FIG. 7 is a schematic structural diagram of a platform according to an embodiment of the present disclosure.
The following describes some embodiments of the present disclosure in detail with reference to drawings.
The following describes the implementation of the present disclosure with reference to specific embodiments. A person skilled in the art can easily learn about other advantages and effects of the present disclosure from the content disclosed in this specification. Evidently, the described embodiments are merely a part of but not all of the embodiments of the present disclosure. The present disclosure may also be implemented or applied in other different manners. Based on different viewpoints and application requirements, details in this specification may be modified or changed without departing from the spirit of the present disclosure. It is hereby noted that to the extent that no conflict occurs, the following embodiments of the present disclosure and the features in the embodiments may be combined with each other. All other embodiments derived by a person of ordinary skill in the art based on the embodiments of the present disclosure without making any creative efforts still fall within the protection scope of the present disclosure.
The present disclosure provides a method for identifying and repairing source code defects. The present disclosure performs deep analysis and defect detection on the source code for a code file to be detected, and uses an AST template-driven automated repair method to automatically repair a code defect detected upstream, thereby simplifying the work of code standardization during software development, and further improving development efficiency.
As shown in FIG. 1, in an embodiment of the present disclosure, the method for identifying and repairing source code defects is implemented based on a source code I/O module, a source code defect detection module, and a source code automated-repair module. The method specifically includes:
Step S100: Upload to-be-repaired source code to the source code I/O module, and perform static analysis configuration design on the source code.
Further, in step S100, the uploading to-be-repaired source code in a standard format to the source code I/O module includes the following steps:
Step S101: Import the to-be-repaired source code into the source code I/O module, and create a corresponding project environment. The source code upload format includes a project file, a source code directory, and a single source code file.
Step S102: The source code I/O module reads a file corresponding to the project environment, adds a corresponding source code directory, and performs relevant configuration on project properties to complete the uploading of the source code.
Specifically, in this embodiment, after the user uploads the to-be-repaired source code to the source code I/O module in a standard format (including a project file, a source code directory, and a single source code file), the corresponding project environment is created. Second, the source code file (*.sln, *.bpr, *.vcxproj) is input, the directories, files, and file structures contained in the project environment are automatically read in, the source code directory is added, and the corresponding source code file is automatically added. Finally, the properties of the project environment are configured. The platform supports mainstream compilers, allows the user to select a suitable compiler for compiling and analyzing the source code as required. The user needs to configure the header file that is relied on during detection. The file contains the interfaces required for compilation of the source code and the declarations. At the same time, the user also needs to specify a directory of the source code file and a library file. The library file may contain a third-party library or other code libraries that the project depends on.

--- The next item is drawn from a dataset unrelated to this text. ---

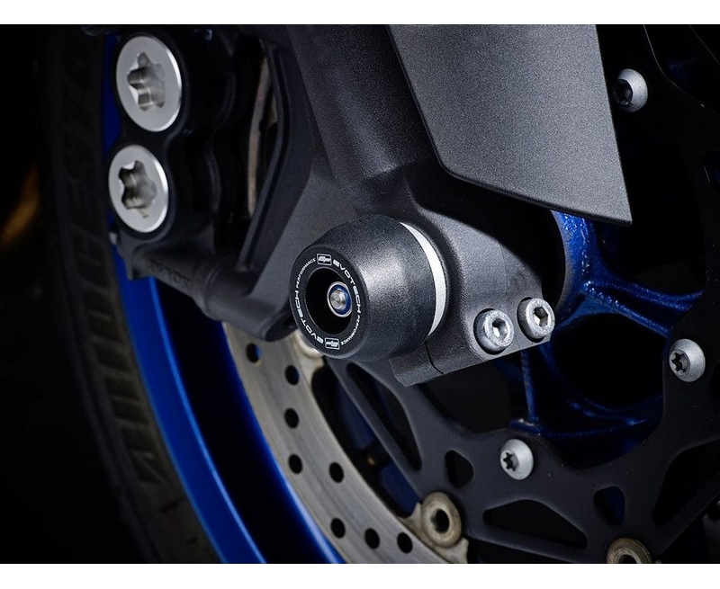 EP Spindle Bobbins for the Yamaha YZF-R6 are designed to guard the front wheel spindle retainers, brake calipers, fork lowers and swingarm. As they stand out from either side of the wheel, the bobbin heads are expected to take impact first in an incident with the dual materials offering durability and strength. Furthermore, the nylon bobbin heads are able to spin above the aluminium inner to reduce stress on the wheel.
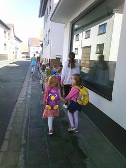 In der Grundschule angekommen trafen die Schulkinder auf ihre zukünftige Klassenlehrerin. Ein erstes Kennenlernen fand statt. Nun konnten die Schulanfänger alle Spielgeräte im Schulhof ausprobieren. Auf dem Weg zurück haben wir weiter die Straßenverkehrsregeln üben können: wie man richtig über die Straße geht und dass man an Einfahrten aufpassen muss.

Step S103: Upload a static analysis configuration file to the source code I/O module to perform static analysis configuration design on the source code, where functions of the static analysis configuration file include: opening/closing an entire rule standard, opening/closing a rule subset, and opening/closing a specific rule.
Specifically, after the relevant configuration of the project properties is partially completed in step S102, a static analysis configuration file is uploaded to the source code I/O module. This file defines the coding rules that need to be applied during the static analysis. The rules are typically used for checking for possible defects, style problems, or other programming practice problems in the source code. The static analysis configuration file can implement flexible rule configuration, including: turning on/off the entire rule standard, turning on/off a rule subset, and turning on/off a specific rule. The schematic diagram of a static analysis configuration file is shown in FIG. 2.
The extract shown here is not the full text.